*Exercise details*. Lines from the one holding "Nie zabrakło także" through the end of the entries, inclusive, form the whole output; reproduce them exactly and omit pictures.

(Source records)
────────────────

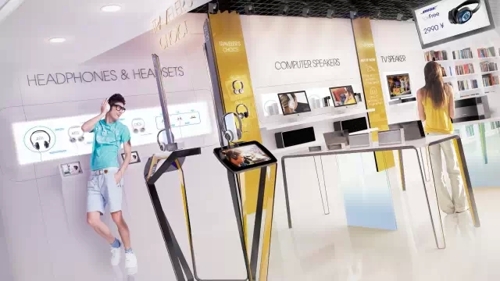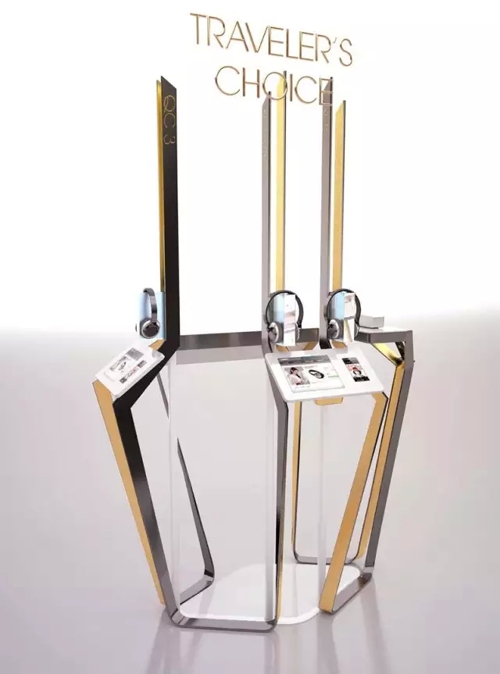 店鋪的布局也遵循了同樣的創(chuàng)意。我們把產品體驗放在中心區(qū)域,四周的墻面作為陳列。“旅行家的選擇”用來重點突出適合旅行的產品。黑色與金色融合的金屬絲帶挑戰(zhàn)了任何現(xiàn)存的聲音產品展示方式。意在用輕盈的展示表達未來感。
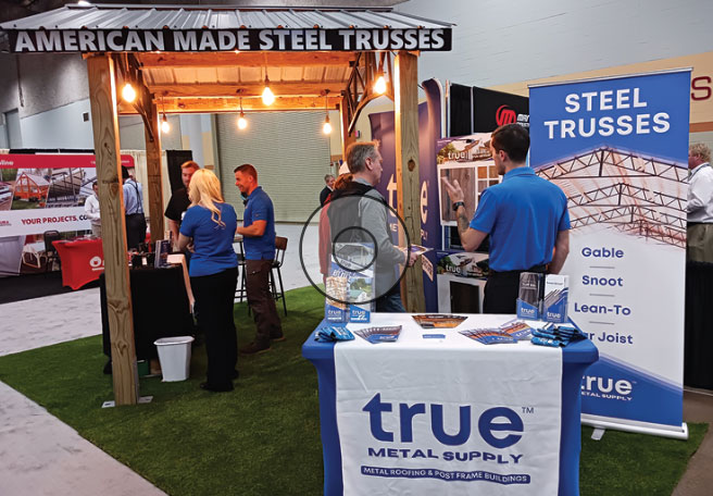 True Metal Supply, proveedor de estructuras de postes y techos metálicos, expuso en FBE por primera vez este año. El stand de la compañía presentó sus edificios de estructura de postes con armaduras de acero de cuerda paralela de Buffalo River Truss, así como su revestimiento de acero de tableros y listones con varios revestimientos de impresión de madera. “Las vigas de acero llamaron mucho la atención como estilo de construcción híbrido. Muchos asistentes a la feria quedaron intrigados por las capacidades de luz libre de 100' y la facilidad de instalación”. La compañía también informa que sus nuevos revestimientos con estampado de madera en su revestimiento de acero para tableros y listones atrajeron tanto a personas influyentes como a constructores de la industria. "Esperamos que estos componentes de construcción sigan creciendo en el transcurso de 2024".
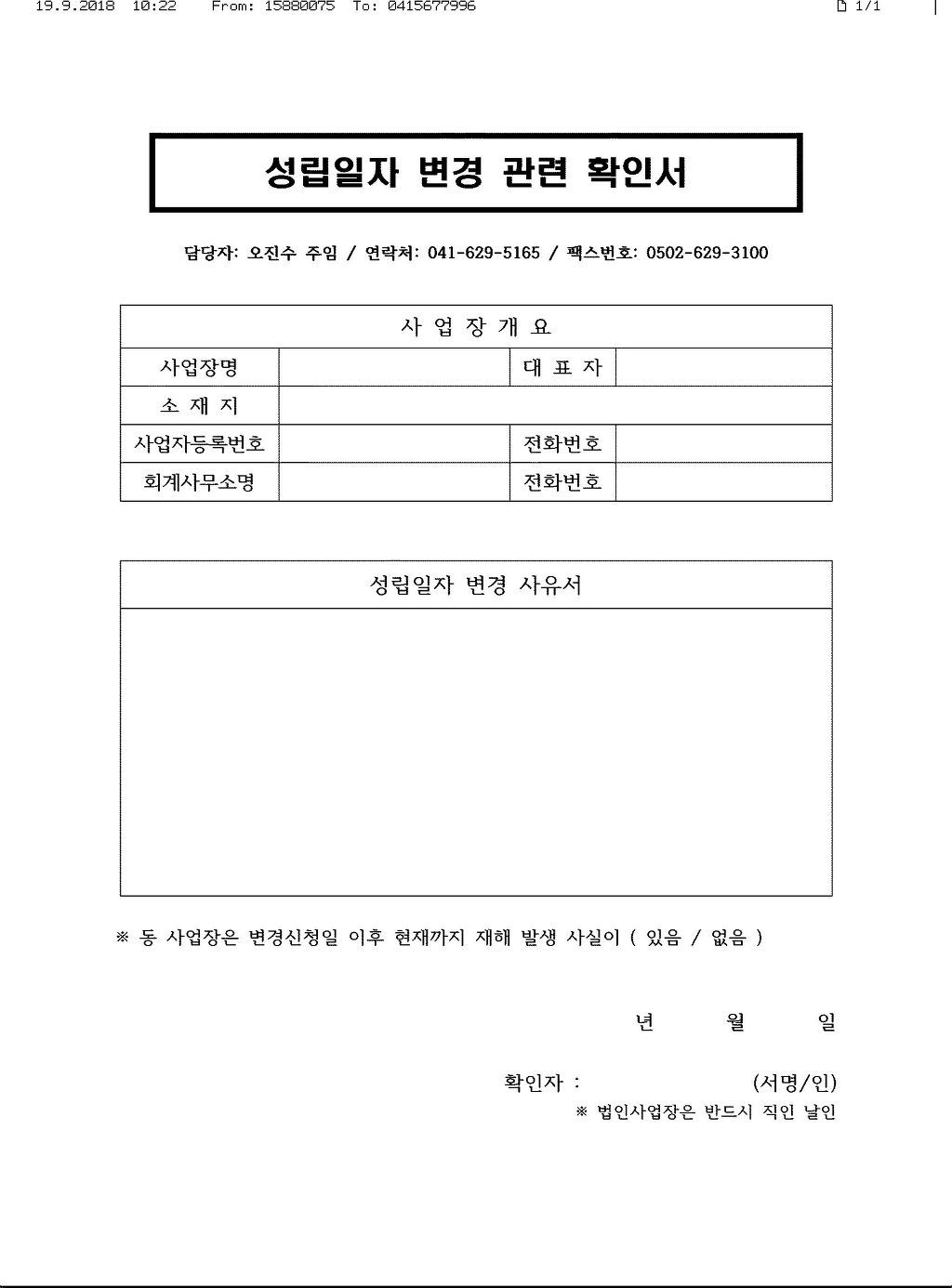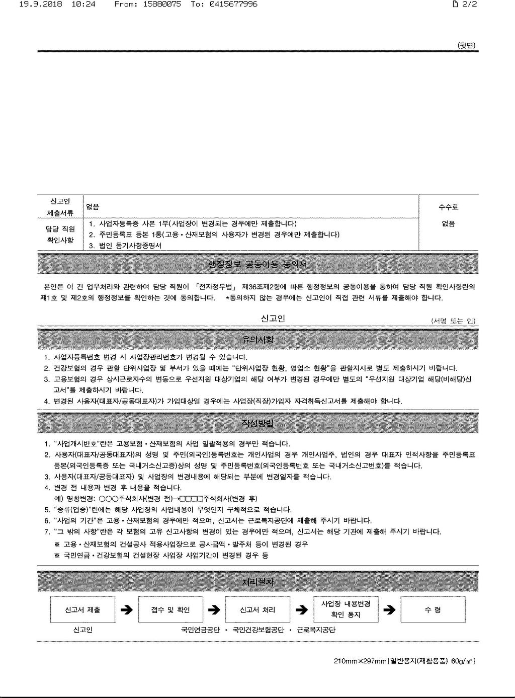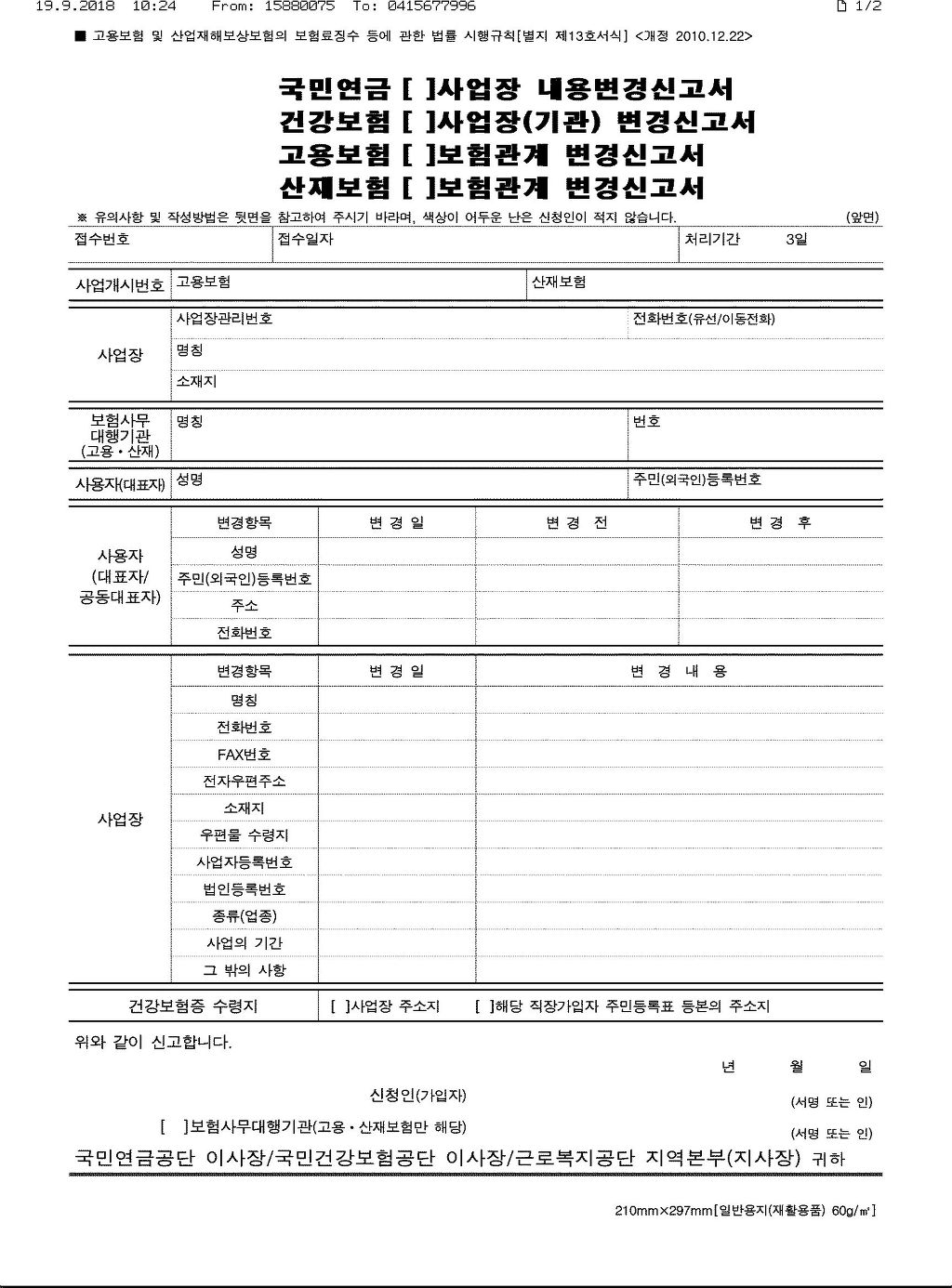 4대보험 사업장 내용변경신고서 작성자Jayden Ju.|작성시간18.12.12|조회수1,074 목록 댓글 0 글자크기 작게가 글자크기 크게가 다음검색 현재 게시글 추가 기능 열기 북마크 공유하기 신고 센터로 신고 댓글 댓글 0 댓글쓰기 답글쓰기 댓글 리스트
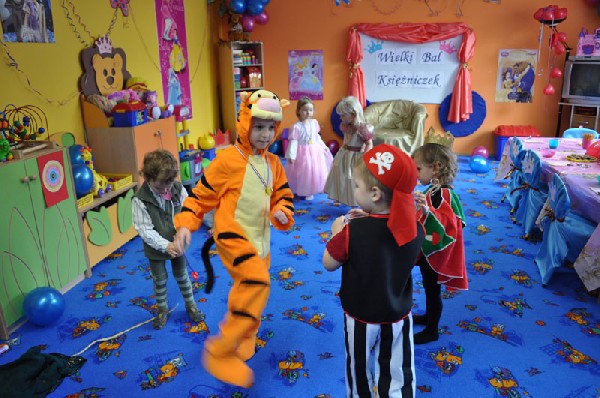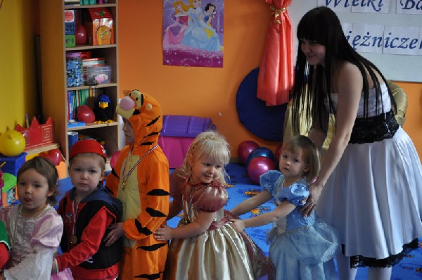 Nie zabrakło także piratów czy tygrysków. Bajkowy świat swoją obecnością zaszczyciła dobra wróżka Emilka, która przy pomocy czarodziejskiej różdżki wprowadziła uczestników zabawy w cudowny, magiczny klimat.
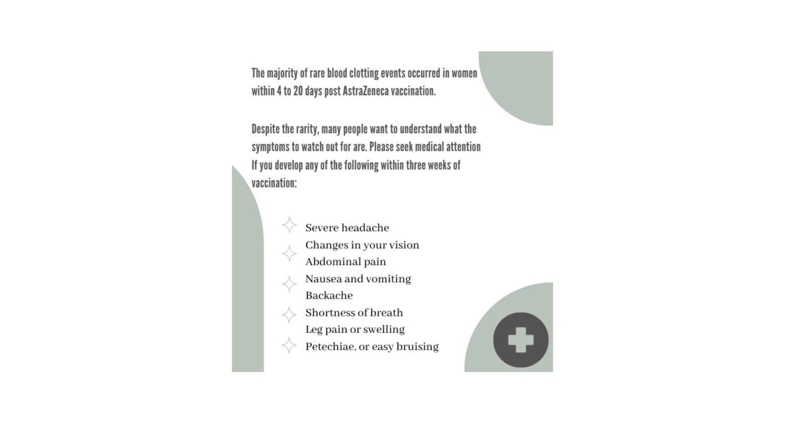 Individual risk is not the same as absolute risk and can be higher or lower depending on age or gender, among other factors. For example, the risk of VITT might be higher than one per million in women under 30. Globally, the majority of these events occurred in women in the 20 to 55 age group and typically within four to 20 days post-vaccination. VITT is treatable if detected early.

────────────────

*Answer*.
 Nie zabrakło także piratów czy tygrysków. Bajkowy świat swoją obecnością zaszczyciła dobra wróżka Emilka, która przy pomocy czarodziejskiej różdżki wprowadziła uczestników zabawy w cudowny, magiczny klimat.
 Individual risk is not the same as absolute risk and can be higher or lower depending on age or gender, among other factors. For example, the risk of VITT might be higher than one per million in women under 30. Globally, the majority of these events occurred in women in the 20 to 55 age group and typically within four to 20 days post-vaccination. VITT is treatable if detected early.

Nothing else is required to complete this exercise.